Ms. Duke. Thank you. Yes. The bulk of our work was on
trying to identify barriers for the market to seek its own
level. One of the most obvious signals is the difference in the
rental market and the owner occupied market. Right now, you
have prices falling and vacancies falling in the owner occupied
market, and then you have lower vacancies and higher prices in
the rental market, which indicates that the market wants to
move housing from owner occupied to rental.
Some of the frictions that are involved in this are
difficulties in aggregating the properties together in getting
the properties for rental, financing for these properties, and
in some cases, regulatory barriers to facilitating a movement
to rental in these properties. So that is why there is a strong
discussion of REO to rental.
Other barriers that we identified were barriers to
refinancing, primarily loans that were underwater, high loan-
to-value loans, and so we discuss some of the changes that
might be made in order to facilitate refinancing of those
loans.
Chairman Johnson. Mr. DeMarco, at our last housing hearing,
Democrats, Republicans, and experts stated that there is more
FHFA can do and should be doing to expand refinancing
opportunities. Yes or no, will you act without delay to take
additional steps to provide more Americans with the opportunity
to refinance at historically low market rates? If so, what
steps will you take?
Mr. DeMarco. Mr. Chairman, I believe we have already taken
those steps through the changes we announced to the HARP
program in October. The program actually became effective in
December and we are seeing just the first fruits of that. So if
there are additional changes to the HARP program that anyone
would like to suggest to us, I would be quite pleased to
immediately take a look at it and see if we can implement them,
if that is going to help further this process along. But I
believe the steps we took in creating the HARP 2.0 program, if
you will, was a very responsive and responsible set of actions
and I am very encouraged by the early indications from the
marketplace regarding this program.
Chairman Johnson. Mr. DeMarco, your plan is currently a
high-level document without much detail. You have indicated
that you will be conducting additional analysis to implement
the plan to contract the role of the GSEs. What is your time
line for doing so? In this analysis, how will you account for
factors that are important to the operations of a healthy
secondary market?
Mr. DeMarco. So, Mr. Chairman, you are right. What we sent
up here was a strategic plan. It is meant to set the broad
goals, the things that we want to achieve in this next period
of conservatorship. Now that we have established those goals,
the next step is to develop specific operating plans, to
examine particular options for how we go about achieving those
goals, and it is in that process that we will develop specific
time lines with regard to particular actions.

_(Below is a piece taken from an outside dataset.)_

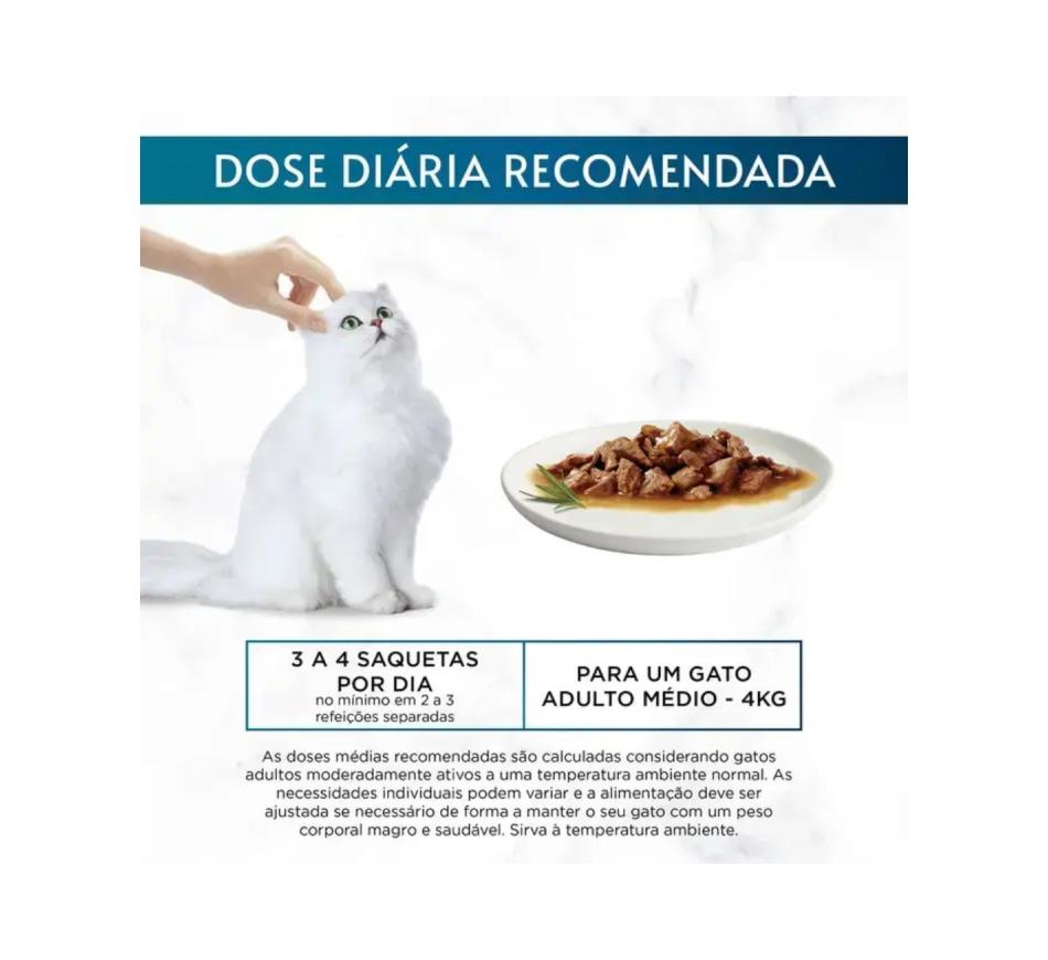 Alimento Completo húmido, em finos pedaços, para gatos adultos, de peixe do oceano, linguado, salmão e atum. Uma variedade de receitas de palatabilidade irresistível, que irão satisfazer o seu felino.

But I will say this, Mr. Chairman. You asked with regard to
the second goal, the contracting. There are several things
there that I would fully expect that during this calendar year,
you are going to see activity from Fannie and Freddie in that
regard. We have already begun with one, and that is raising
guarantee fees. We have already had our first announcement of
that, actually, the end of December, based upon the legislation
Congress enacted. But we are also proceeding with both loss
sharing as well as additional guarantee fee increases and
looking to see if we cannot get some additional transactions in
which private mortgage insurance companies start undertaking
additional credit risks to the extent they have got the
capacity to do so. I would like to see all of that begin this
year.
Chairman Johnson. Mr. DeMarco and Governor Duke--Mr.
DeMarco, you have stated in your testimony that the secondary
market for mortgages would not exist if not for the
Enterprises. Could you state what might happen if the
Enterprises' activities were to be terminated immediately?
Governor Duke, could you also comment on this?
Mr. DeMarco. Well, Secretary Donovan would certainly be a
busy man.
Chairman Johnson. Yes.
Mr. DeMarco. In the absence of Fannie and Freddie, if we
literally, Mr. Chairman, to your question, simply turned off
the lights tonight and did not startup again, there is no
immediate infrastructure for secondary market transactions
outside of FHA and Ginnie Mae securitization. So it would take
market participants a while to be able to step in and redo
this. Certainly, some lending would go on. Banks would book
some of this in portfolio. But I think the near-term impact
would clearly be to constrain mortgage credit.
Chairman Johnson. Governor Duke, could you also comment on
this scenario?
Ms. Duke. Well, first of all, I would agree with Mr.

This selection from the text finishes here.